At some point, someone said something about kids knowing too much. I don’t remember the exact phrase but it was something along the lines of “it’s just too much information. They’re overwhelmed.” 

That.. gave me pause. 

Something about it rang true, but not entirely. 

You see, I wonder if the hang-up here isn’t that there’s too much to know; I wonder if it’s that I feel responsible for caring about all of it... or even too much of it. 

And saying I don’t care about everything can be a slightly troublesome thing to say. Because “everything” is a very long list and it includes things you might think are REALLY vital; maybe even essential. So, as I confess my limitation of care, I just might be telling you that I don’t care about the things you care about the way you care about them or to the same depth… and now… now we might have a problem. 

And that… that’s overwhelming; to feel like I have to overextend my care or even pretend to overextend my care in order to remain true to my tribe. What if I care about the hungry teens in Pleasant Hill / Martinez, CA who are sleeping in cars around the corner from their local HS instead of at home so they know they can get to school on time … but my heart isn’t drawn to the clean water crisis in Sub-Saharan Africa?

What if I spend the lion's share of my charitable, care time and energy in the area of child exploitation and human trafficking and, because I do, I don’t know enough about trans persons or biology or the science in the mix? 

What if I don’t care about what you care about? 

And what if it scares me to tell you that? 

What if it’s not the amount of information available to us. What if it’s the degree of responsibility we feel we have to have for that information; I don’t have the time or energy or the resources to effectively and consistently care for more than a few things. 

That’s just true… and I know it’s true. I also know it’s true that there are absences on (or from) my care list that have been disappointing to more than a few people. And that’s been a point of stress at times; 

Moving the question from “what do I care about?”

To “what should I care about?”

Author and Missiologist Michael Frost gets a lot of questions that basically boil down to the question of care.
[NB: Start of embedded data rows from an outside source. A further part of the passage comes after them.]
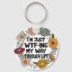 Funny life quote "I'm just WTF-ing my way through life" with black text and a daisy floral wreath.
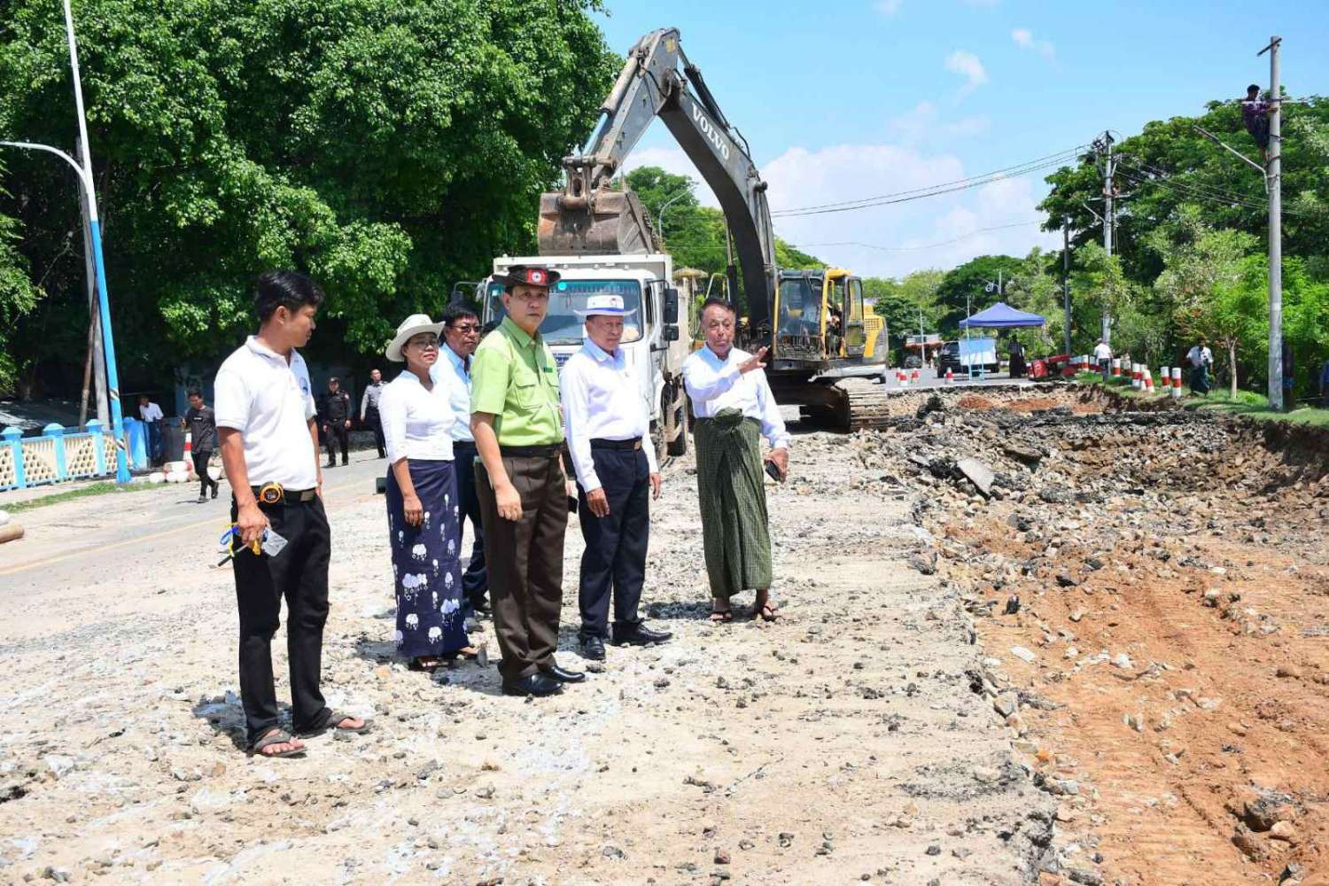 ထိုသို့ကြည့်ရှုစစ်ဆေးရာတွင် ကန်ပေါင်မြေပြိုကျခြင်းနှင့် အက်ကြောင်းဖြစ်ပေါ်ခြင်းအား ပြုပြင်ဆောင်ရွက်ခြင်းလုပ်ငန်းကိုဆောင်ရွက်သည့် မြို့နယ်ဆည်မြောင်းနှင့်ရေအသုံးချရေးစီမံခန့်ခွဲမှုဦးစီးဌာန မြို့နယ်ဦးစီးမှူး ဦးသန်းထိန်က လုပ်ငန်းဆောင်ရွက်အခြေအနေများမှာ ပယ်မြေဖယ်ရှားခြင်းလုပ်ငန်း၊ Sand & Gravel Mixture ခင်းခြင်းလုပ်ငန်း၊ ကန်ပေါင်မြေဖို့ခြင်းလုပ်ငန်းနှင့် ရေစစ်ရိုးကျောက်စီခြင်းလုပ်ငန်းများ ၉၉ ရာခိုင်းနှုန်းဆောင်ရွက်ပြီးစီးကြောင်းကိုလည်းကောင်း၊ လမ်းပိုင်းတည်ဆောက်ရေးလုပ်ငန်းများကို ဆောင်ရွက်သည့် ယုဇနကုမ္ပဏီမှတာဝန်ရှိသူက ကန်ပေါင်တွင် ပြန်လည်တည်ဆောက်မည့် လမ်းလွှာဒီဇိုင်းပတ်သက်၍ ယခင်အသုံးပြုခဲ့ လမ်းလွှာဒီဇိုင်းဟောင်းထက် တမံအပေါ်အားသက်ရောက်မှုညီညာပျံ့နှံ့ပြီး သက်သာစေသော လမ်းလွှာဒီဇိုင်းဖြစ်ပါကြောင်း၊ ယခုပြန်လည်တည်ဆာက်မည့်လမ်းပိုင်းကို ကျောက်ကတ္တရာလမ်းခင်းခြင်းဆောင်ရွက်ပြီး မိုးရာသီကုန်ချိန်တွင် နိုင်လွန်ကတ္တရာခင်းခြင်း ဆက်လက်ဆောင်ရွက်မည်ဖြစ်ပါကြောင်း၊ လမ်းတည်ဆောက်ရေးလုပ်ငန်းတွင် သွားလာဆက်သွယ်မှုအဆင်ပြေစေရန်အတွက် လမ်းတစ်ခြမ်းပိတ်၍ လုပ်ငန်းများဆောင်ရွက်ကာ ကျန်တစ်ခြမ်းတွင် လုပ်ငန်းသုံးမော်တော်ယာဉ်များ သွားလာနိုင်ရန်ဖွင့်ထားပါကြောင်း စသည်တိုင်းဒေသကြီးလမ်းပန်းဆက်သွယ်ရေးဝန်ကြီးအား ရှင်းလင်းတင်ပြသည်။ ထိုနောက် တိုင်းဒေသကြီးလမ်းပန်းဆက်သွယ်ရေးဝန်ကြီးသည် ရန်ကုန်-မန္တလေး ကားလမ်းပိုင်းနေရာ (မိတ္ထီလာတောင်ကန် ကန်ပေါင်) ပြိုကျပျက်စီးမှု ပြုပြင်တည်ဆောက်နေမှုလုပ်ငန်းများအား ကြည့်ရှုစစ်ဆေးခဲ့ပြီး လုပ်ငန်းများ အဆင်ပြေချောမွေ့စွာ အမြန်ဆုံးပြီးစီးနိုင်ရေးအတွက် လိုအပ်သည်များကို မှာကြားခဲ့ကြောင်းသိရသည်။
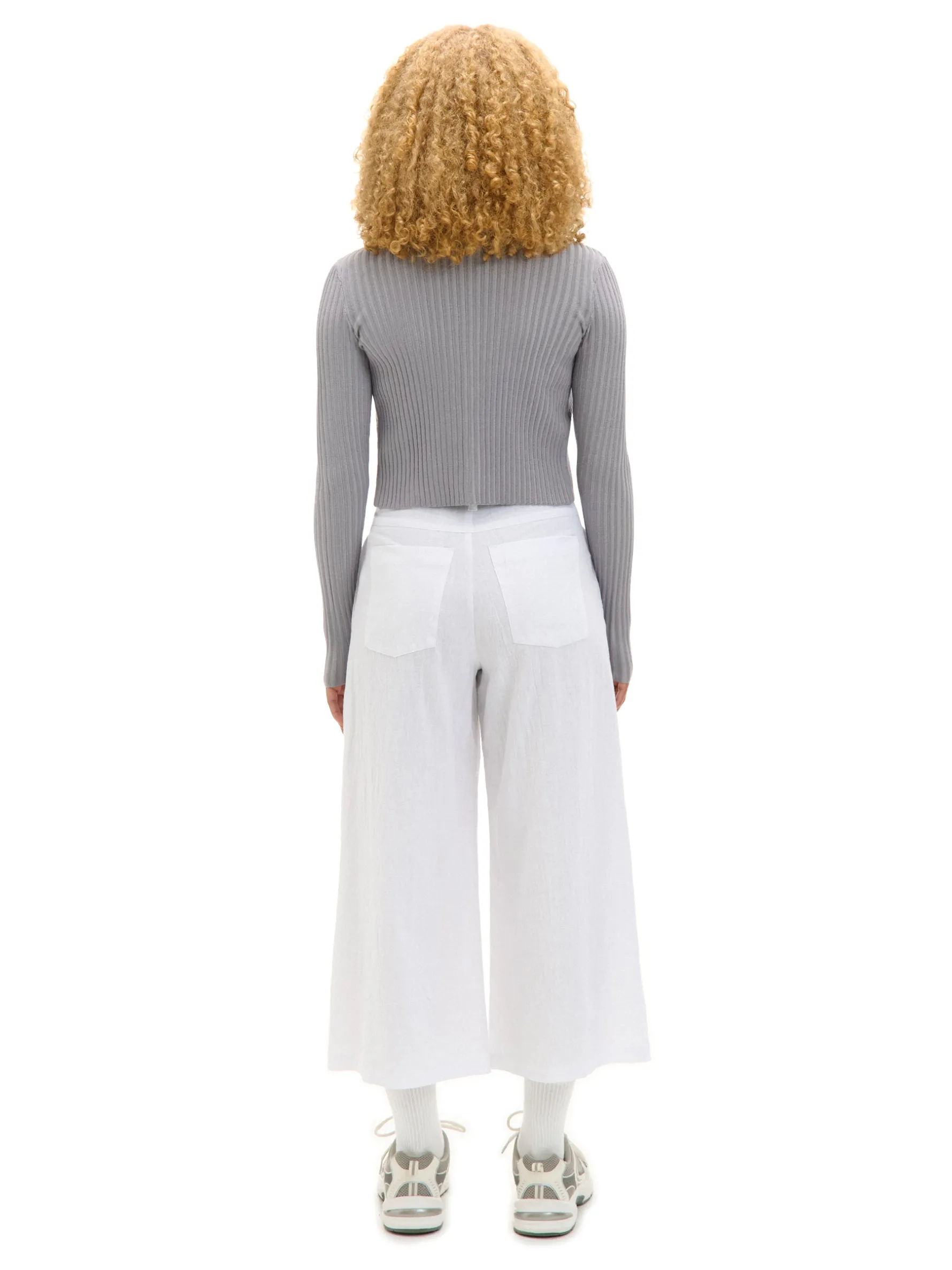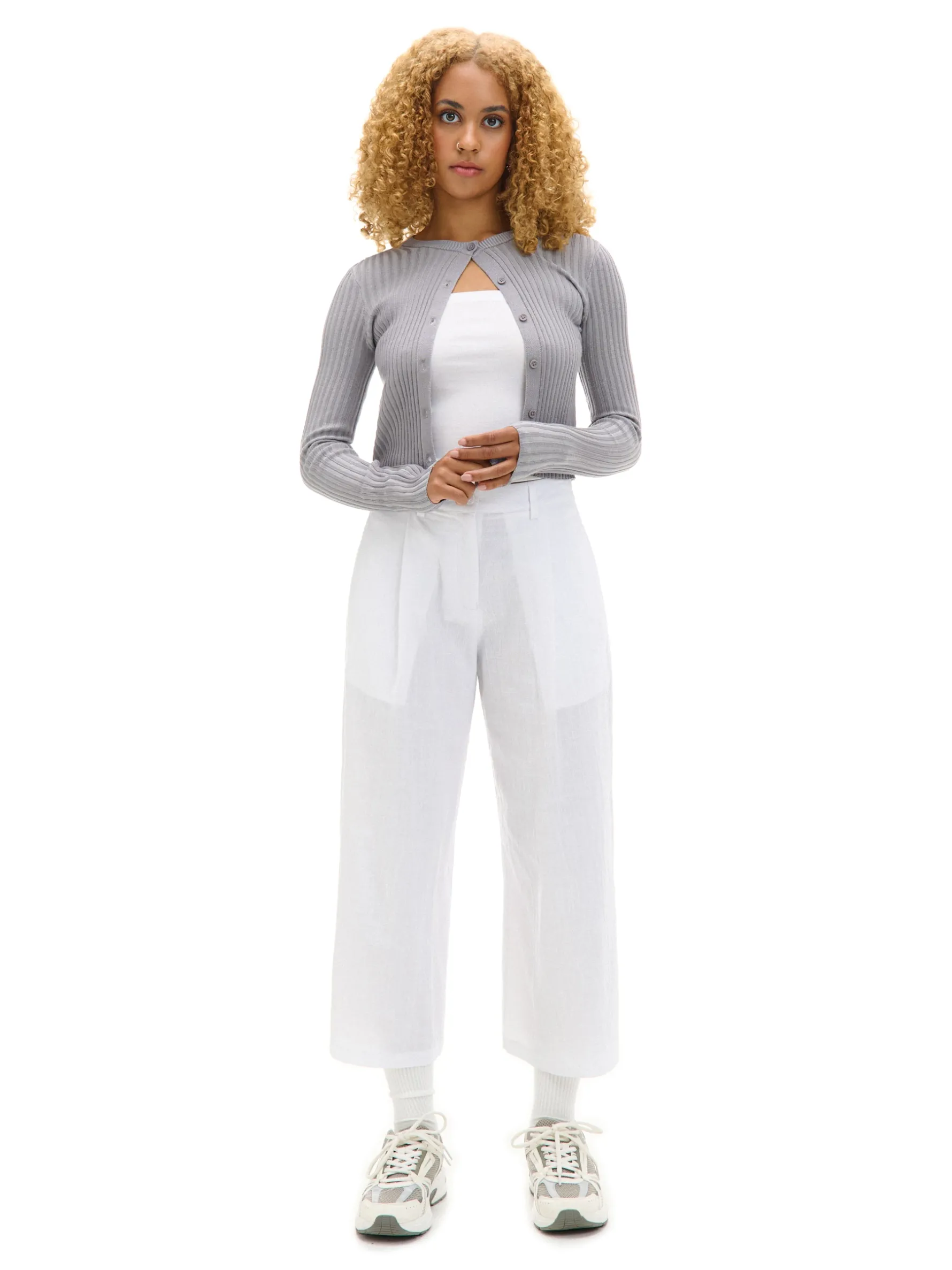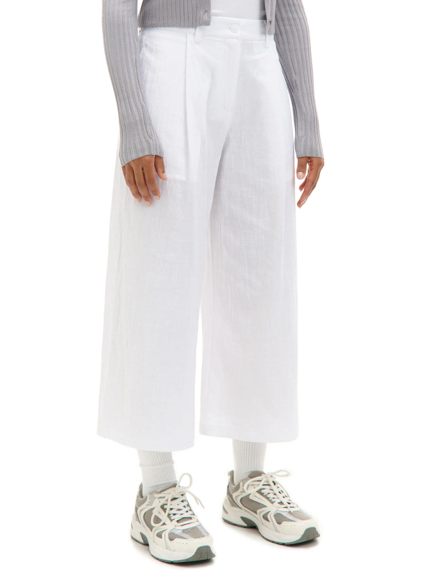 Tkaninowe damskie spodnie w kolorze białym, uszyte z bawełny. Kuloty są idealnym dodatkiem zarówno do eleganckich stylizacji, jak i casualowych. 100% bawełny spodnie typu kuloty zapięcie na zamek i guzik modelujące zakładki z przodu szerokie nogawki dwie kieszenie po bokach szlufki blisko siebie
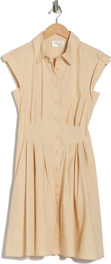 Show off charming style in this crisp cotton-poplin shirtdress fashioned with cuffed cap sleeves and an elegantly darted waist.
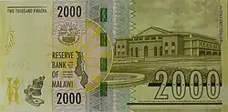 Die aktuelle Banknoten-Serie zu 20, 50, 100, 200, 500 und 1000 Kwacha wurde 2012 ausgegeben. Im November 2016 wurde von der Reserve Bank of Malawi (RBM) eine 2000-Kwacha-Note herausgegeben, um die chronische Geldknappheit einzudämmen.[1] Zuvor war eine Serie mit Werten von 5 bis 500 Kwacha im Umlauf, in der alle Banknoten eine einheitlich gestaltete Vorderseite mit dem Bild von John Chilembwe hatten, die Rückseiten zeigten verschiedene Bauwerke und landestypische Szenen. Die in der ersten Banknoten-Serie von 1971 enthaltenen 50 Tambala und 1 Kwacha wurden 1986 durch Münzen in den gleichen Wertstufen ergänzt; eine 2-Kwacha-Banknote wurde nur bis 1973 ausgegeben. Seit 2006 sind auch Bimetall-Münzen im Wert von 5 und 10 Kwacha im Umlauf.
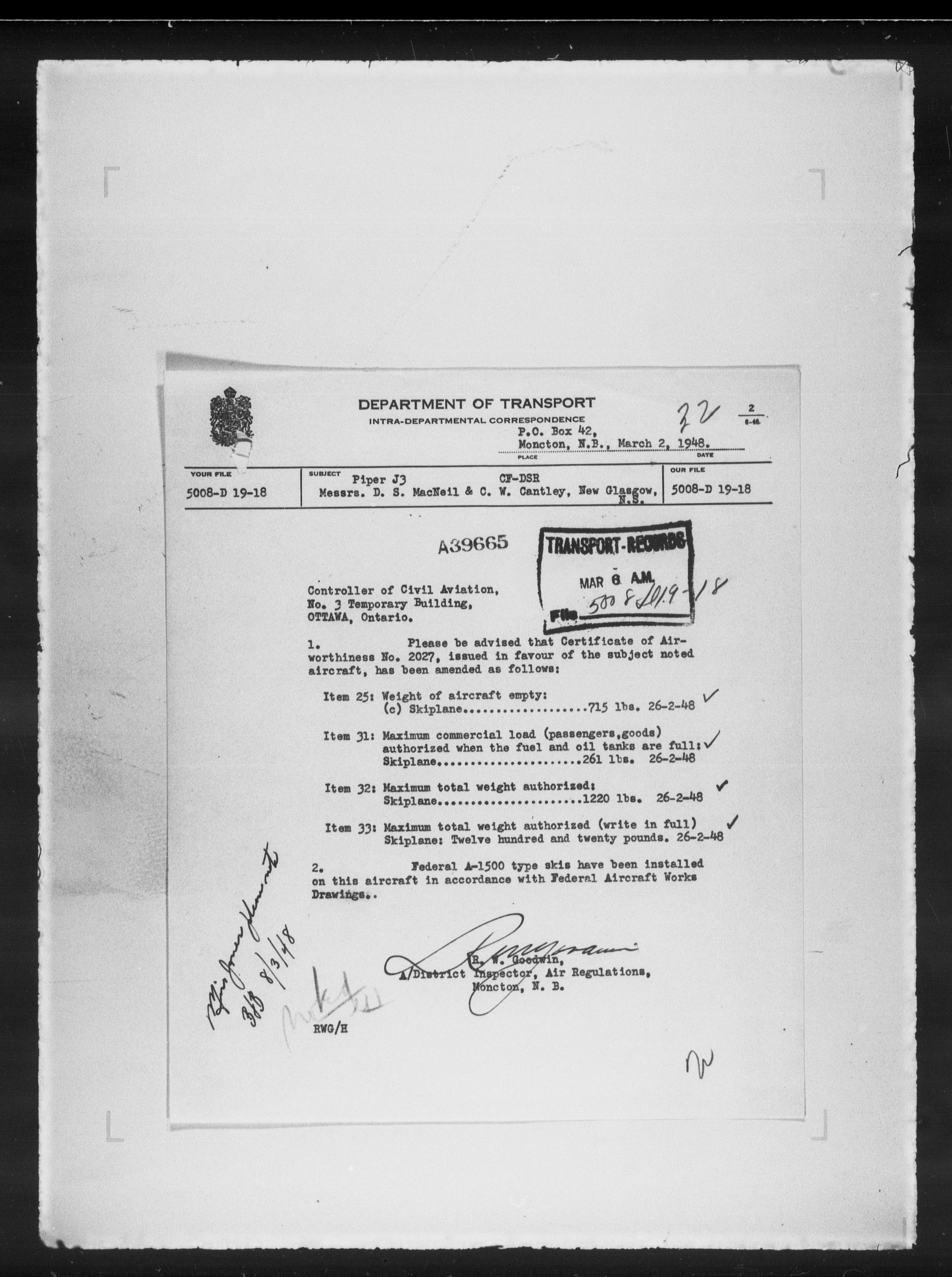 Department of Transport : Civil aircraft registration, inspection and operation files, block 5008, 1920-1986 - 7897
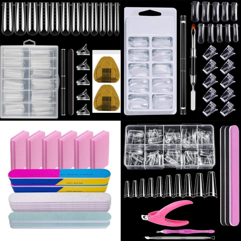 Nail Double Forms for Gel Set Nail Gel Extension Forms with Nail Clips Gel Brush Pickers Nail Files Gel Nail Mold
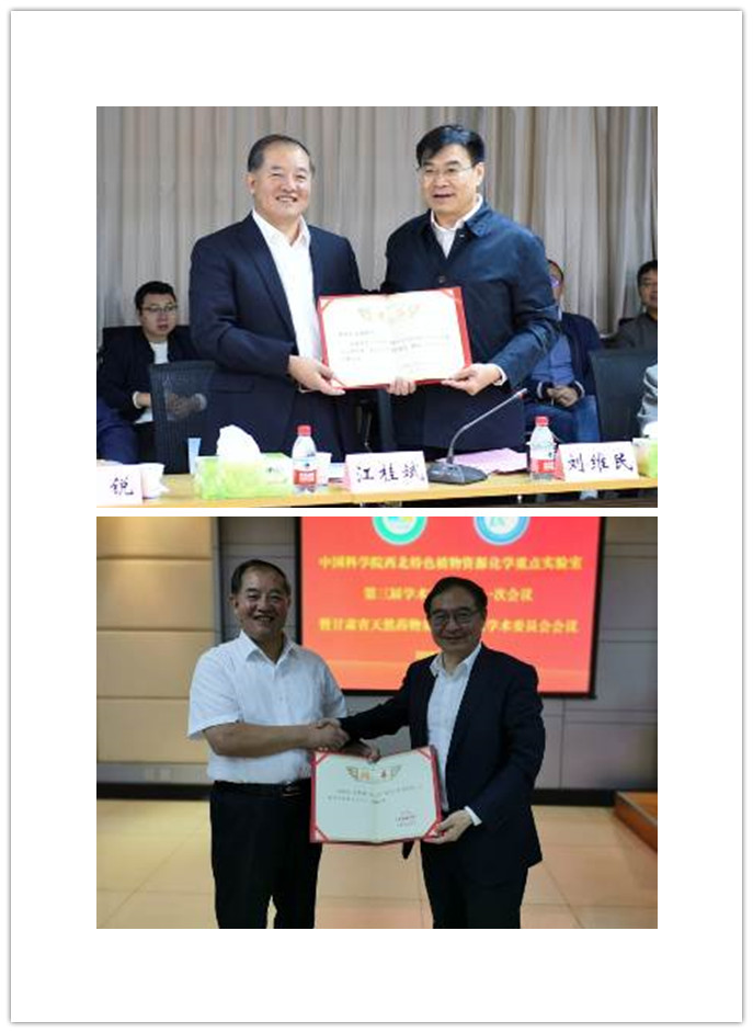 (上圖:劉維民頒發(fā)院重點實驗室學(xué)委會主任聘書 下圖:傅小鋒頒發(fā)甘肅省天然藥物重點實驗室學(xué)委會主任聘書;)

Because he’s in the field of teaching religious-minded about responsible “mission,” he regularly converses with folks who are searching the world around them for urgent needs to fill so that they can participate in the Grand Work of Redemption and Restoration. Rather than prescribe to folks attention to “that which matters most,” Michael turns the question towards people 

To whom are you called? 

Who will go with you? 

Michael redirects issue-focused conversations to the people whose actual, human, soft, and precious lives are affected, altered, damaged, or saved; the people whose fundamental value is the foundation of value for any and every “issue” or idea in all of human history. 

This is why I have been so richly blessed by David Dark’s commitment to Reality.

 It is her complex and sacred humanity that is David’s doorway into care for issues and ideas like criminal justice, responsible citizenship, and a more comprehensive expression of what it means to be “Pro-Life.”  

“To love a person” David has written, “is to love a process.” Yes. Also, to love a person is to enter into a world full of ideas and dilemmas and issues, but to find them in their proper context; encased in the soft, impermanent flesh of humanity.

So…

What if we’re not so much overwhelmed by the amount of information available to us; what if we’re simply distracted by it. And in our distraction, we lose touch with what enlivens us; what grounds us what makes any and all of the 2.5 quintillion daily data bytes worth a thing.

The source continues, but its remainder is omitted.